As the number of students grew, I kept saying yes to everyone. I squeezed sessions into every open hour, even when it meant losing sleep and falling behind in school. Watching people pass their exams and begin military careers made the exhaustion feel worthwhile. To me, caring meant doing everything myself.
Over time, I realized that if the goal was to help more people, the work could not depend on one person alone. With that perspective, I began inviting academically strong peers to tutor alongside me. What surprised me most was that the quality of support didn’t decrease — it improved. Students benefited from different teaching styles, and tutors learned from one another.

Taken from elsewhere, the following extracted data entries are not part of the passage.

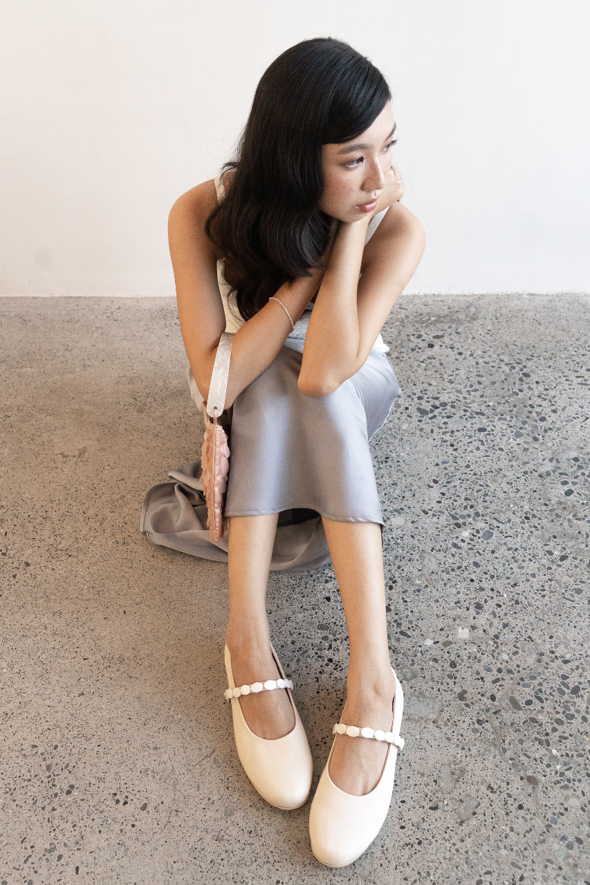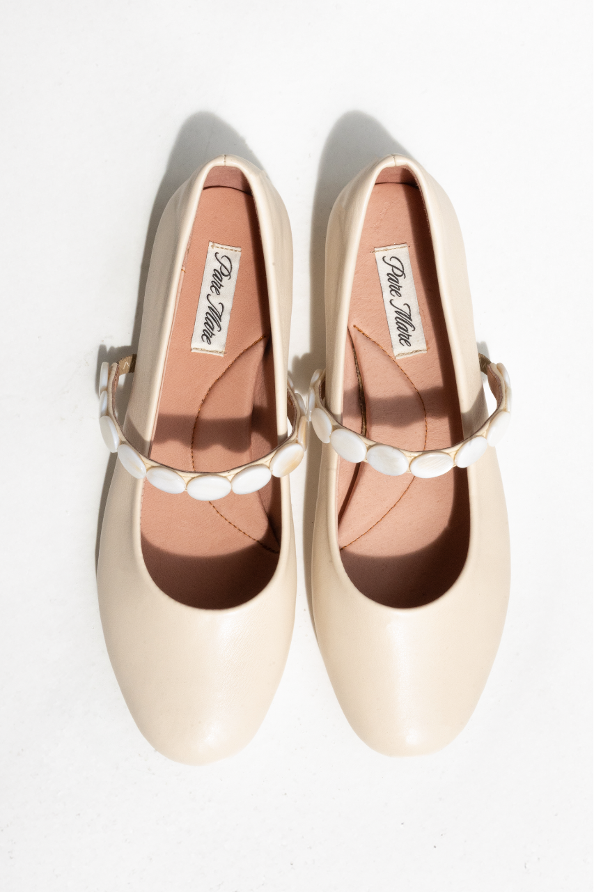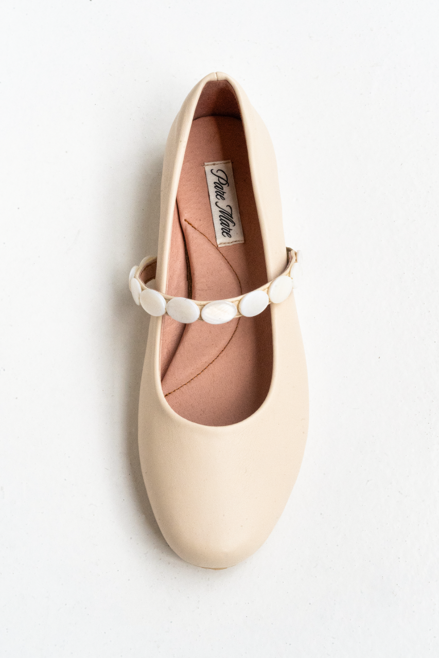 A classic Mary Jane reimagined in a soft light beige finish. The signature strap is covered in opal-shaped Capiz shells, adding texture and subtle dimension. Designed with a flat sole for all-day ease, it’s a modern update to a timeless style.
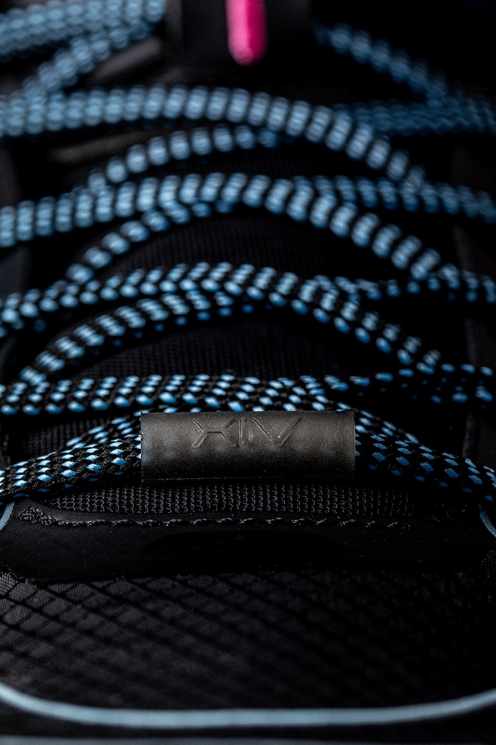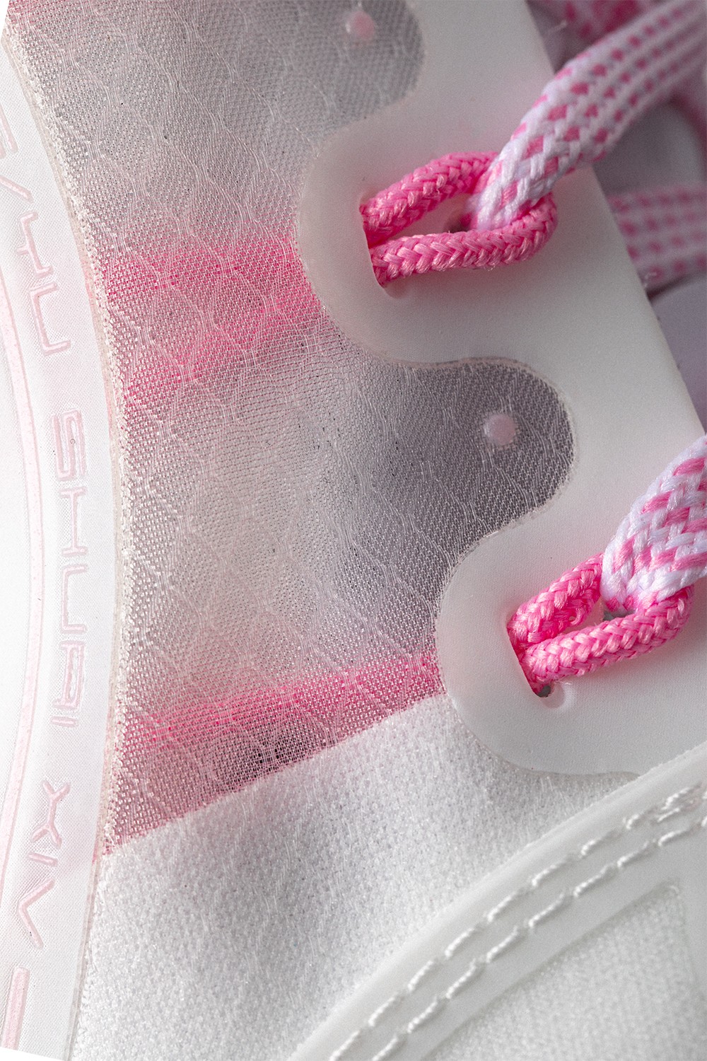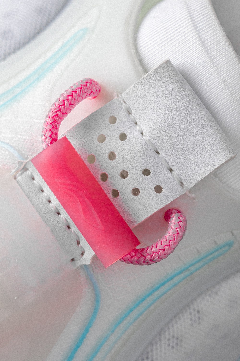 透过白色半透明鞋面看到,粉色以及蓝色的缆绳则显得清晰可见!
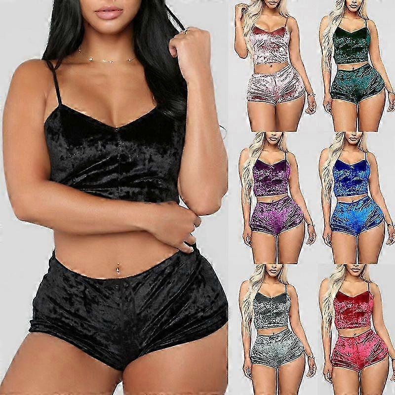 Sexy Women's Velvet Spaghetti Strap Pajama Set Shorts for Sleepwear
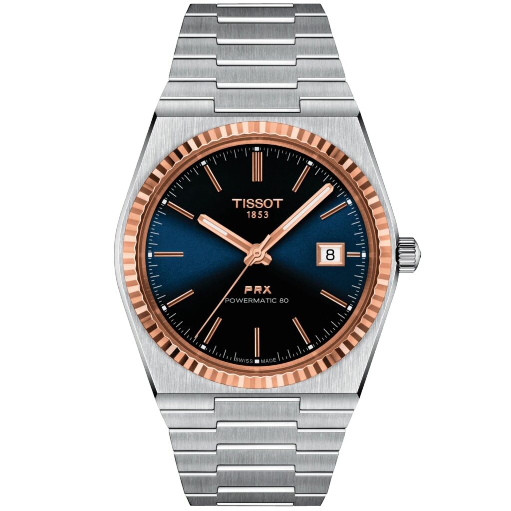 An automatic watch is powered by the energy of the person who wears it. Wrist movement enables the mechanism to run. The Powermatic 80 movement boasts 80 hours of power reserve, which is enough to continue telling time accurately even if the watch is not worn for three days. All of this watchmaking excellence can be viewed through the sapphire crystal watch back. It is an innovative movement that outperforms the competition, whose movements generally provides 36 hours of power reserve. Ensuring good visibility under all conditions is an important goal for Tissot. This is why some of their timepieces feature a material called Super Luminova®. This material is placed on visible parts such as dials and hands, where it functions as a miniature accumulator of reflected light when the watch finds itself in the dark. This model boasts an extra touch of sophistication by sporting an18ct. Rose Gold fluted bezel to compliment the baton hour markers and vivid blue dial.
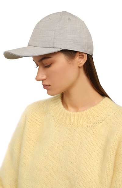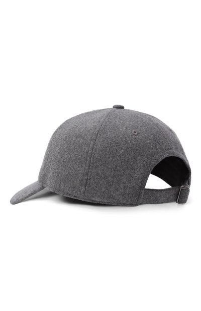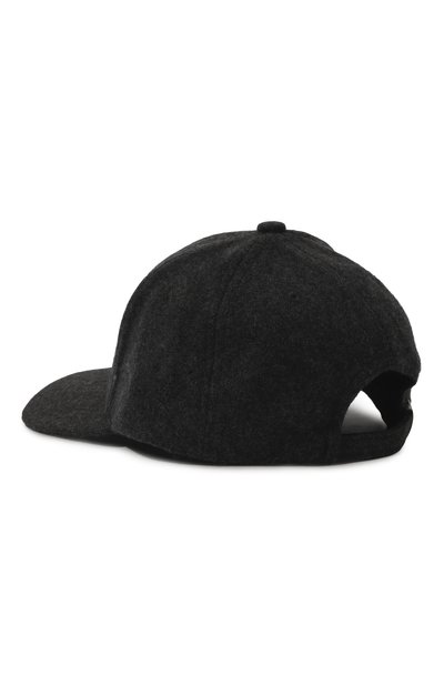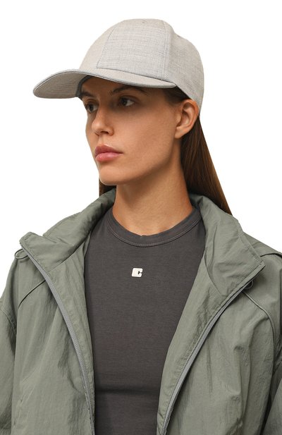 Бейсболку с изогнутым козырьком сшили из фактурного микса полиэстера и шерсти. Аксессуар с люверсами и брендированным ремешком-велкро украсили спереди вышитой эмблемой марки.

In December 2024, we formally organized these efforts into YouthCanDo, a youth-run nonprofit dedicated to providing free academic support to military candidates. What began as individual tutoring evolved into a team built on shared responsibility. We now meet weekly to exchange teaching strategies, reflect on challenges, and support one another as both tutors and learners.
Many of our students had been out of school for years and carried doubts long before they opened a book. We learned to encourage before we taught, and to listen before we explained. Sometimes the most important thing to say is, “I know you can do it. Let’s do it together.”
Leading a youth-run organization serving adult learners has taught me humility and accountability. The unique structure of YouthCanDo — high school students tutoring adult military candidates — benefits both sides: while our adult students gain access to free education, our tutors grow through real responsibility and leadership. I have learned that leadership is not about sacrificing yourself at all costs, but about building a team and trusting others.